Manipulating Tshark Output

Which tools I should use to manipulate the data depends on the goal I’m trying to achieve. Linux has a wide range of text manipulation tools such as cut, sort, uniq and grep. With a bit of Google searching, you can find a ton of useful write-ups on using each of these tools. For this blog entry, I want to cover the “R” command as it permits us to do some statistical analysis.

Here’s the command I used to generate data output similar to the first screen capture, but in a format, I can use for beacon analysis:

tshark -r interesting.pcap -T fields -E separator=, -e ip.src -e ip.dst -e
ip.proto -e udp.dstport -e ip.len -e 
frame.time_delta_displayed ip.dst==165.227.88.15 and udp.dstport==53  > analyze.txt

This produced a file called “analyze.txt” which contained data similar to the following:

192.168.88.2,165.227.88.15,17,53,89,1.073288580
192.168.88.2,165.227.88.15,17,53,89,1.067193833
192.168.88.2,165.227.88.15,17,53,89,1.057524219
192.168.88.2,165.227.88.15,17,53,89,1.085981806
192.168.88.2,165.227.88.15,17,53,89,1.072384382

It is the last two fields I’m interested in analyzing. With beacon analysis, I want to look for repeating patterns. Consistency in both session data size and timing can be indications of an internal system that has been compromised and is calling home. One way to check for repeating patterns is to analyze the standard deviation and the variance of the data. Luckily the R command can do this for us.

I’m going to use “cut” to extract the column of data that I’m interested in analyzing, and then use R to identify the minimum, maximum, mean, standard deviation and variance of the data set. Here’s an example:

cut -d ',' -f 5 analyze.txt | Rscript -e 'y <-scan("stdin", quiet=TRUE)' 
-e 'cat(min(y), max(y), mean(y), sd(y), var(y), sep="\n")'
89
290
95.74
33.82236
1143.952

In the above example, “cut” extracts column 5 which is the amount of data transferred in each session. It then passes these values to “R” which calculates the minimum, maximum, mean, standard deviation and variance for this data set. Note that my standard deviation is much larger than the difference between the mean and the minimum value. This tells me that most of my sessions are closer to the minimum 89 byte size. This is somewhat interesting because it indicates that the majority of traffic exchanged between these two systems involved sessions with a small amount of data. This could be indicative of a beaconing heartbeat but is certainly not conclusive.
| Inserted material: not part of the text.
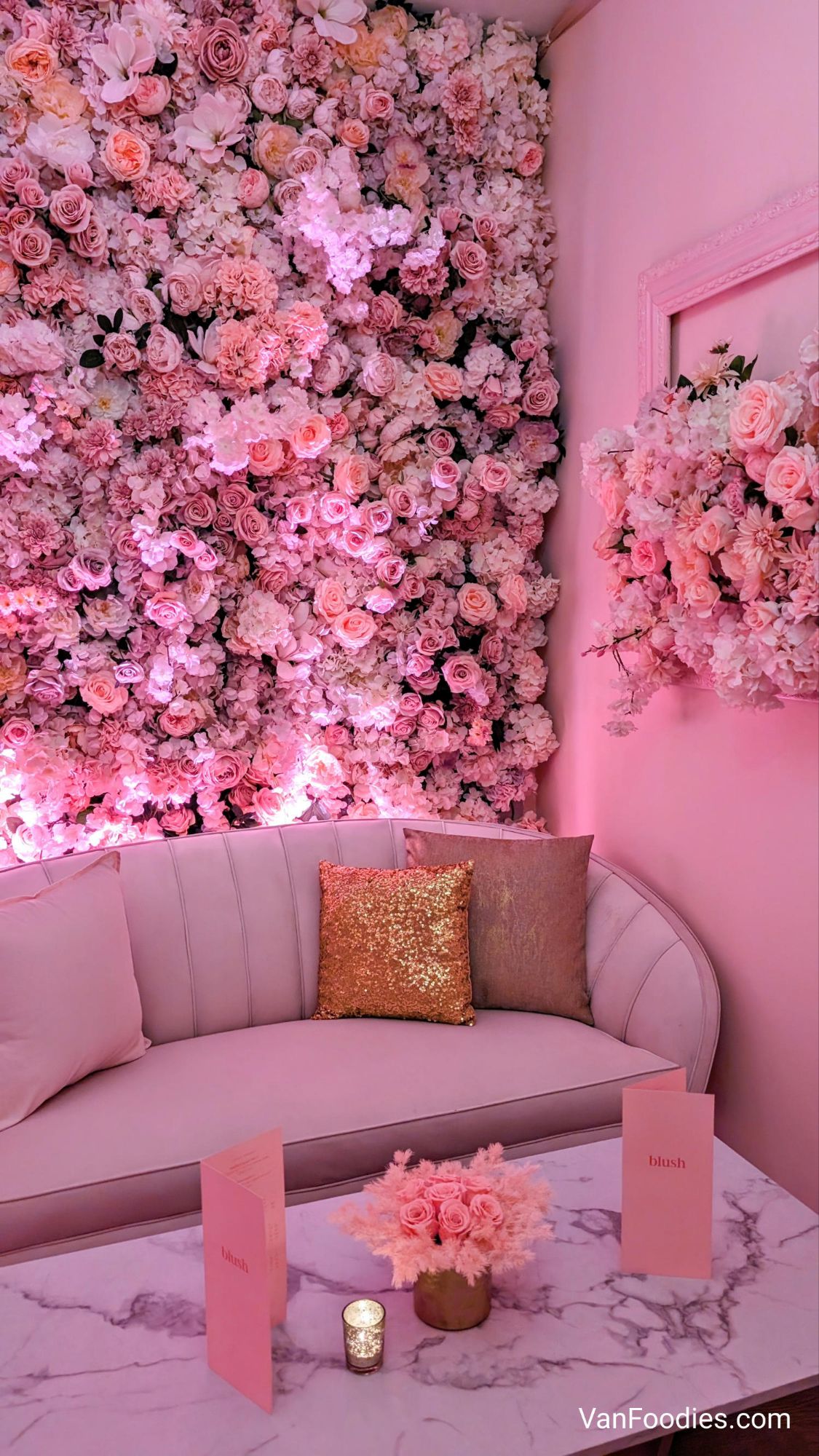 I’m quite in awe of how Fairmont Vancouver is transforming this space on the lower level for different pop-ups. First, it was Kringle’s for Christmas, and now Blush for Valetine’s Day. Make sure to look for the pink photo booth at the entrance. Will you check it out?
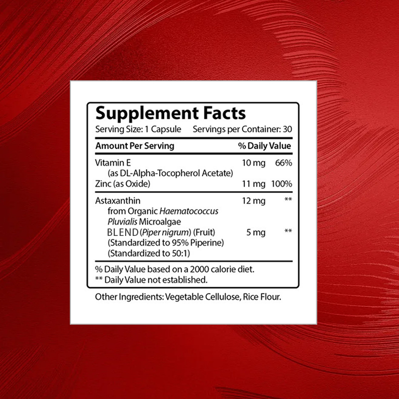 Massimizzare il potenziale - Vitamina E, zinco e BioPerina hanno tutte proprietà che amplificano i benefici dell'astaxantina e ne aumentano l'effetto.

I can perform a similar analysis on the session timing:

cut -d ',' -f 6 analyze.txt | Rscript -e 'y <-scan("stdin", quiet=TRUE)' 
-e 'cat(min(y), max(y), mean(y), sd(y), var(y), sep="\n")'
0
2.088164
0.9999386
0.2973222
0.08840052

This is where things get really interesting. Note that the maximum gap between sessions is just a bit over two seconds. This is extremely frequent. Also, note that the variance from the mean is just .08840052 seconds or about 88 ms. This tells us that an overwhelming majority of the communication sessions are taking place almost exactly .9999 seconds apart from each other. This is a clear indicator of a beacon heartbeat.  Based on this data, if I did not expect to see beacon behavior between these two systems, I would want to subject the internal system to a forensic analysis.

Summary

One of the challenges of packet analysis is honing in on the interesting bits and ignoring everything else. This can be a challenge with the default view in most packet decoders, as you either get too much information or not enough. Further, while graphical analysis tools can be easy to use, they make it difficult to leverage other tools or automate an analysis. By leveraging tshark’s ability to print specific fields, you can manipulate data as needed to perform an in-depth analysis.